2.1. Salivary Genomics

Analysis of direct tumor biopsy is perhaps the most accurate approach for molecular diagnostics in cancer. However, taking tumor samples can be extremely uncomfortable for the patient, and repeat biopsy for disease monitoring may not always be possible. Furthermore, some deep-seated tumors may not be amenable to this approach. These disadvantages prompted the search for less-invasive methods for cancer diagnosis and surveillance. Circulating tumor DNA (ctDNA) is found in the serum and is composed of genomic DNA that is shed from the original tumor (11, 12). The cancer-specific mutational signatures of ctDNA can be differentiated from those of DNA from noncancerous tissues. Multiple studies have shown a high concordance between mutational profiles in ctDNA and those in the primary tumor (13-17). Furthermore, the relative abundance of ctDNA, or of specific mutations therein, can be used to monitor disease response to therapeutic intervention, and ctDNA samples can be taken repeatedly, which facilitates real-time surveillance of treatment (18-21). This ctDNA-based liquid biopsy approach is rapidly being adopted in many preclinical and clinical settings.

Although most liquid biopsies are taken by needle aspiration from the blood, it is possible that salivary fluid may offer an even less-invasive means of disease monitoring. The stability and relatively high quality of salivary DNA makes this an even more attractive possibility (22-24). Although diagnostics and monitoring using salivary ctDNA are in their infancy, a recent study indicated their utility in head and neck squamous cell carcinoma (HNSCC) (25, 26). Key cancer-associated somatic mutations and the presence of human papillomaviruses (HPV16 and 18) were evaluated among a cohort of 93 HNSCC patients (including 20 patients with early disease; see Table 1 for details). While plasma ctDNA analysis was associated with higher sensitivity for oropharynx, hypopharynx, and larynx cancers (plasma ctDNA: 86–100% versus salivary ctDNA: 47–70%), salivary ctDNA analysis had greater sensitivity for the detection of oral cancer (100% versus 80%). The latter result is likely attributable to the close physical proximity of salivary fluid to the actual tumor. Combined analysis of plasma and salivary ctDNA yielded a 96% detection rate, irrespective of tumor location or stage. Together, these data indicate that the optimal combination of bodily fluids used for ctDNA analysis should be chosen on a tumor type–specific basis.

Table 1.

Summary of saliva and plasma ctDNA biomarkers identified in HNSCC. Clinical and laboratory data were retrieved from a database published by Wang et al. (25)

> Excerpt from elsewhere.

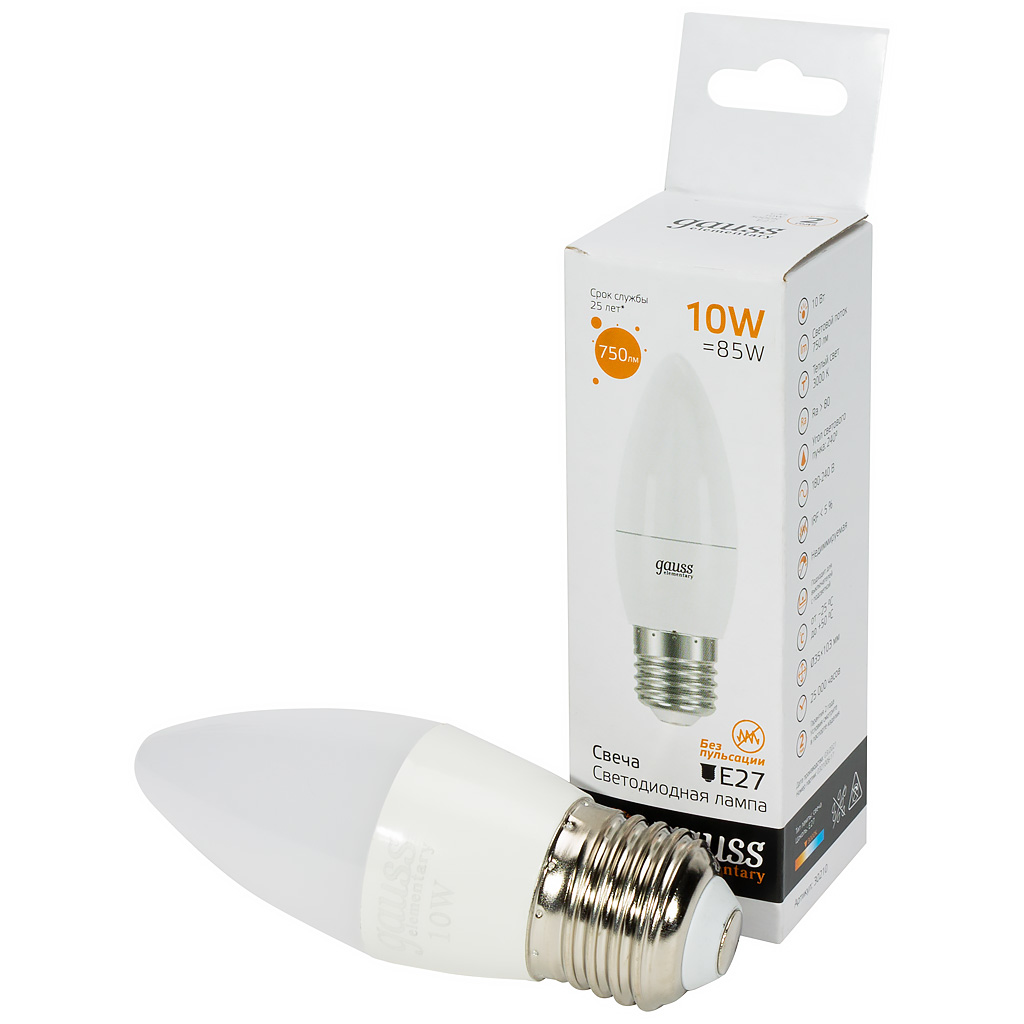 Лампа светодиодная Gauss Elementary, свеча, 10Вт, Е27 3000К

Site	ctDNA	% of positivity (number detected/examined)
		Saliva	Plasma	Saliva and plasma
Oral cavity	TP53	100 (36/36)	85 (11/13)	100 (13/13)
	PIK3CA	100 (2/2)	50 (1/2)	100 (2/2)
	NOTCH1	100 (3/3)	NA	NA
	CDKN2A	100 (2/2)	NA	NA
	Translocation	100 (2/2)	NA	NA
	HPV16 DNA	100 (1/1)	NA	NA
	Total	100 (46/46)	80 (12/15)	100 (15/15)
Oropharynx	TP53	80 (4/5)	100 (1/1)	100 (1/1)
	PIK3CA	25 (2/8)	100 (5/5)	100 (5/5)
	FBXW7	67 (2/3)	100 (3/3)	100 (3/3)
	HPV16 DNA	41 (7/17)	92 (11/12)	92 (11/12)
	NRAS	0 (0/1)	0 (0/1)	0 (0/1)
	Total	44 (15/34)	91 (20/22)	91 (20/22)
Larynx	TP53	70 (7/10)	86 (6/7)	100 (7/7)
Hypopharynx	TP53	67 (2/3)	100 (3/3)	100 (3/3)
Overall		75 (70/93)	87 (41/47)	96 (45/47)

Abbreviations: ctDNA, circulating tumor DNA; HNSCC, head and neck squamous cell carcinoma; HPV, human papillomavirus; NA, not applicable.

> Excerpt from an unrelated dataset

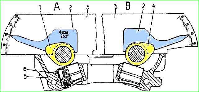 В качестве примера рассмотрим корректировку фаз газораспределения при показаниях стрелки шаблона 23°30′ для кулачка впускного клапана и 16°30′ для кулачка выпускного клапана, данные значения углов превышают номинальные значения для впускного и выпускного кулачков на 3°, что больше допустимого отклонения ±2°40’.

2.2. Salivary Transcriptomics

Saliva contains diverse types of RNA transcripts, including messenger RNA (mRNA), piwi-interacting RNA (piRNA), and micro RNA (miRNA) (27, 28). Although the value of piRNA as a biomarker remains to be determined, both mRNA and miRNA within the saliva have been used to detect several cancers, including pancreatic (29), breast (30), ovarian (31), and lung malignancies (32). We highlight some examples below and in Table 2.

Table 2.

Salivary RNA biomarkers in cancers

Cancer	RNA type	Salivary RNA biomarker	Reference
Breast	mRNA	CSTA, TPT1, IGF2BP1, GRM1, GRIK1, H6PD, MDM4, S100A8	30
Esophageal	miRNA	miR-10b, miR-98, miR-144, miR-363, miR-451	81
Head and neck	mRNA	DUSP1, H3F3A, IL1B, IL8, OAZ1, S100P, SAT	33
	miRNA	miR-125a, miR-200a	36
Lung	mRNA	CCNI, FGF19, GREB1, FRS2, EGFR	32
Ovarian	mRNA	AGPAT1, B2M, IER3, IL1B, BASP1	31

Abbreviations: mRNA, messenger RNA; miRNA/miR-, micro RNA.

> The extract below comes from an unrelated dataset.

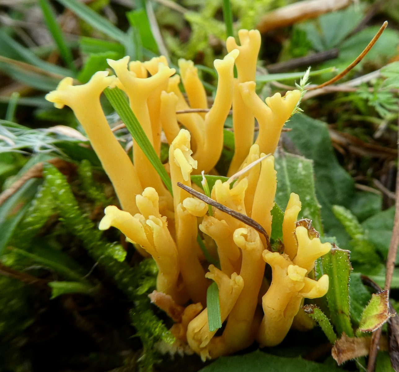 Tja ... Vielleicht auch entweder Clavulinopsis helvola (Goldgelbe Wiesenkoralle) oder Clavulinopsis laeticolor (Schöne Wiesenkeule)?

Profiling of saliva samples from patients with oral squamous cell carcinoma identified multiple mRNA biomarkers (33). A subset of four mRNAs (IL1B, OAZ1, SAT, and IL8) was sufficient for use in a logistic regression model to provide 91% sensitivity and 91% specificity for the detection of cancer.

Salivary miRNAs are packaged in salivary exosomes, where they are protected from RNase-dependent degradation (34, 35). Consistent with the general dysregulation of miRNAs in tumor cells themselves, the levels of specific miRNAs in the saliva of cancer patients are altered in comparison to those of healthy individuals. For example, the levels of miR-125a and miR-200a were significantly lower in saliva from oral cancer patients than healthy patients (36). Conversely, the levels of miR-27b and miR-31 were significantly higher in the saliva of oral cancer patients (37, 38). miR-139 and miR-31 reverted to baseline levels following excision of the malignant lesions, suggesting that these miRNAs could serve as prognostic biomarkers (37, 39).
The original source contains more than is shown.